«Grâce à Fidel Castro, les Cubains ont récupéré leur territoire, leur vie, leur destin : ils se sont inspirés de la Révolution française sans pour autant connaître la Terreur qu'il y a eu pendant la Révolution française». Ces paroles, prononcées par Ségolène Royal devant des journalistes en marge de son voyage à Cuba où elle assistait à l'hommage national rendu à Fidel Castro le 3 décembre, ne sont pas du goût de tout le monde.

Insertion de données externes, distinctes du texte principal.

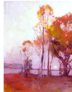
From the camp Sydney Long 1890
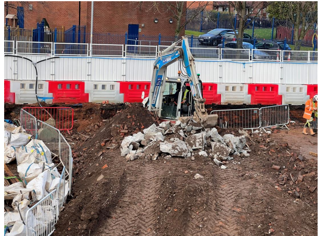
Block B – Pile capping under construction
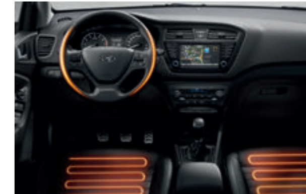
Heated steering wheel and front seats. Nothing is more welcoming on a cold winter morning than the welcoming warmth of a steering wheel and seats that are heated.
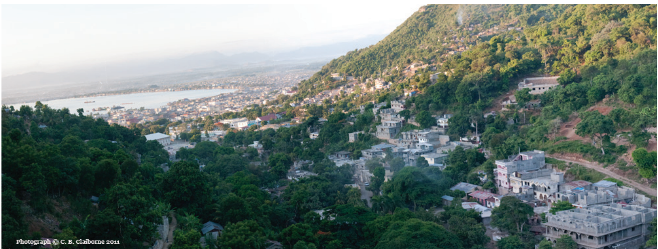
Morning light, Cap Haitien

A second journey away from Port-au-Prince took us north to Okap, the most historic part of the country. While the trip was scheduled before leaving the US, it was not until we arrived that we understood what might be involved. We elected to fly a local airline after comparing a half-hour plane ride to a possible two days by car. From the plane we saw little that might constitute a path through the mountains that could accommodate ground travel, confirming how easily one could get stuck during one of Haiti's spontaneous downpours. The experience on a domestic air carrier in Haiti is worth noting, however. In this land where money is a precious commodity that few can afford, those who have it gain access. Reservations matter not; credit card payments online do not guarantee a seat. The process is simple. One walks up, pays cash, and boards the prop plane. This continues until the twenty seats or so are filled. If you are lucky, and there are seats left, those
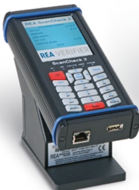
REA ScanCheck 3 (universal, for barcodes, mobile)
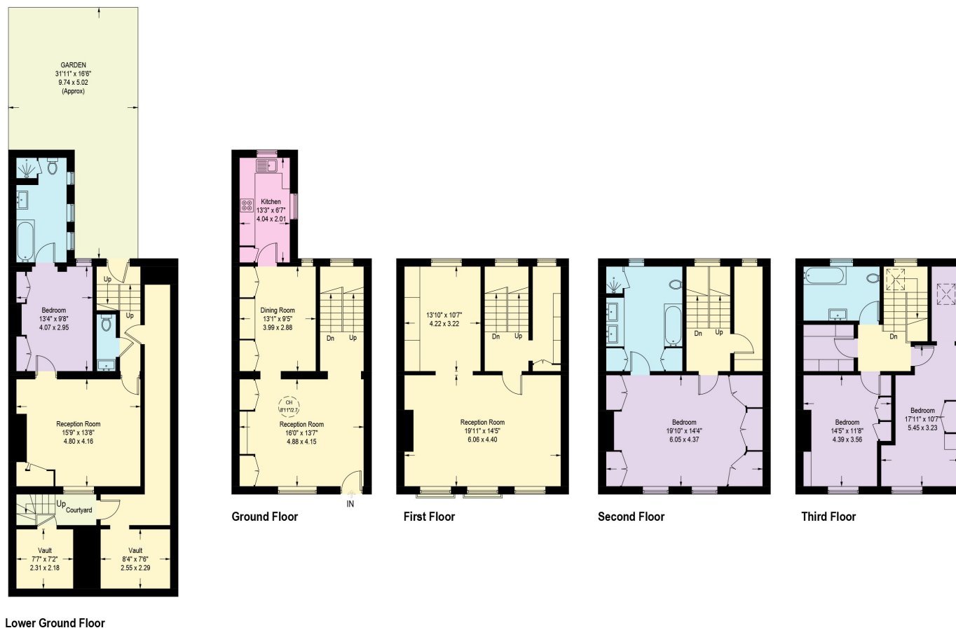
Illustration for identification purposes only, measurements are approximate, not to scale. (ID1020668)

This plan is for guidance only and must not be relied upon as a statement of fact. Attention is drawn to the important notice on the last page of the text of the Particulars.
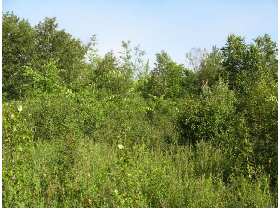
Photo 4 - Typical condition of on-site cultural thickets. This example is in the southeast corner of the site, with view looking north

Accusée de minimiser les violations des droits de l'homme supposément commises par le régime de Fidel Castro, la ministre, qui était l'un des deux seuls représentants d'un Etat européen à être présent sur place, avec le Premier ministre grec Alexis Tsipras, a dénoncé une «désinformation», rappelant qu'il y a «toujours du positif et du négatif dans une histoire». «Certains ne vont pas se rhabiller à bon compte au nom des droits de l'homme alors qu'on sait qu'ici, quand on demande des listes de prisonniers politiques, on n'en a pas : et bien fournissez-moi des listes de prisonniers politiques, à ce moment-là on pourra faire quelque chose», a-t-elle ajouté.

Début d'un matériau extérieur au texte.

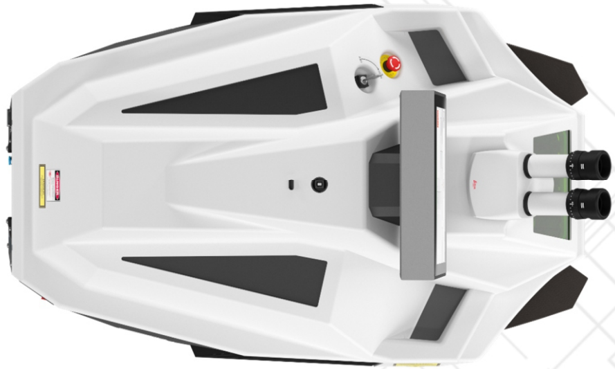
TABLE-TOP MANUAL LASER WELDER
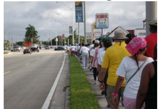
Walking along US1!
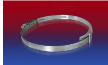
CLAMP 210 BRIDGE CLAMP
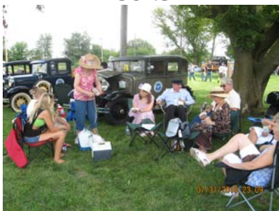
We enjoy a picnic lunch between train rides during the Vintage Transport Extravaganza at the Illinois Railway Museum.
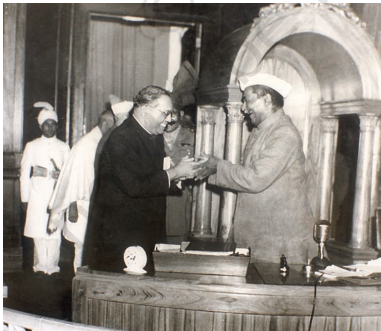
Fig. 15. 9 B. R. Ambedkar and Rajendra Prasad greeting each other at the time of the handing over of the Constitution

The Constituent Assembly debates help us understand the many conflicting voices that had to be negotiated in framing the Constitution, and the many demands that were articulated. They tell us about the ideals that were invoked and the principles that the makers of the Constitution operated with. But in reading these debates we need to be aware that the ideals invoked were very often re-worked according to what seemed appropriate within a context. At times the members of the Assembly also changed their ideas as the debate unfolded over three years. Hearing others argue, some members rethought their positions, opening their minds to contrary views, while others changed their views in reaction to the events around.

Les réactions aux déclarations de Ségolène Royal n'ont pas tardé à apparaître dans les médias et sur les réseaux sociaux, notamment de la part des responsables politiques de droite.

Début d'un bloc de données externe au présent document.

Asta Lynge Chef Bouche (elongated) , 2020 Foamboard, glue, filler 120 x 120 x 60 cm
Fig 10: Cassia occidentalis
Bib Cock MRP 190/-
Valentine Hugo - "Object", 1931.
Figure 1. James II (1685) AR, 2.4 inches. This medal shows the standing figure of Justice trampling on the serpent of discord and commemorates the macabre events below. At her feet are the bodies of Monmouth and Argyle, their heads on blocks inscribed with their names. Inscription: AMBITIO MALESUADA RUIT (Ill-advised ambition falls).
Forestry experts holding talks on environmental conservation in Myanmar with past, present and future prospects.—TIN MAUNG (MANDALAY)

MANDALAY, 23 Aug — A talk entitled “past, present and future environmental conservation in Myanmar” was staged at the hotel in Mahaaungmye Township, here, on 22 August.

Chez les Républicains (LR), le député Thierry Mariani a dénoncé un «éloge» inapproprié...
... tandis que le sénateur et ancien Premier ministre Jean-Pierre Raffarin a pointé du doigt sur RTL une «faut morale et politique», méritant selon lui le non-renouvellement de la ministre de l'Ecologie lors du remaniement à venir.
François Bayrou a également fortement critiqué les propos de Ségolène Royal, estimant que «cela déstabilise ce qui devrait être la position de la France». Il a établi un parallèle avec ses précédentes déclarations, lors d'un voyage en Chine en 2007, au sujet de la justice chinoise, dont elle avait salué la «rapidité».
Même à gauche, les propos de la ministre ont suscité l'indignation. François de Rugy, candidat à la primaire de la gauche des 22 et 29 janvier prochains, a demandé au chef de l'Etat, François Hollande, de désavouer sa ministre, estimant son discours «contraire aux valeurs de la France».
Juliette Médael, secrétaire d’Etat auprès du Premier ministre, chargée de l'aide aux victimes, a également tenu à se distancier de la vision de Fidel Castro que Ségolène Royal a défendue, affirmant que ce dernier était «loin d'être un parangon de vertu démocratique».
Du côté des socialistes toujours, Jack Lang a ri jaune aux déclarations de Ségolène Royal, se demandant : «avait-elle bu un peu trop de rhum en arrivant à La Havane ?». Plus sérieusement, l'ex-ministre de la Culture de François Mitterrand a jugé que la membre du gouvernement Valls «ni[ait] la réalité» cubaine – à savoir, selon lui, un «régime d'oppression, de répression».
Jean-Luc Mélenchon dit «merci» à Ségolène Royal
En revanche, Jean-Luc Mélenchon, qui avait à plusieurs reprises rejeté les accusations contre Fidel Castro lors d'un hommage appuyé à ce dernier, a tenu à témoigner son soutien à la ministre. «Je dis merci à Ségolène Royal d'avoir, en forçant un peu le trait, rétabli un petit peu l'équilibre», a-t-il déclaré lors d'un meeting.
Ségolène Royal a réagi à cette polémique : «Je pense que cette polémique n'a pas lieu d'être. Le jour des funérailles je pense qu'il y a un respect à avoir à l'égard de tout un peuple et de tout un pays qui est en train justement de s'ouvrir et d'évoluer», a-t-elle déclaré dans un entretien à l'AFP.
L'ancien dirigeant cubain continue à diviser l'opinion dans le monde entier. Récemment, c'est l'hommage élogieux du Premier ministre canadien, Justin Trudeau, qui avait suscité l'indignation générale. Si certains saluent en lui un leader ayant œuvré au développement de son pays et au bien-être de son peuple, tout en tenant tête aux Etats-Unis dans un contexte d'embargo économique difficile, d'autres estiment que son régime était avant tout une dictature répressive fondée sur la persécution des opposants politiques, et dénoncent les violations des droits de l'homme dont son régime se serait rendu coupable.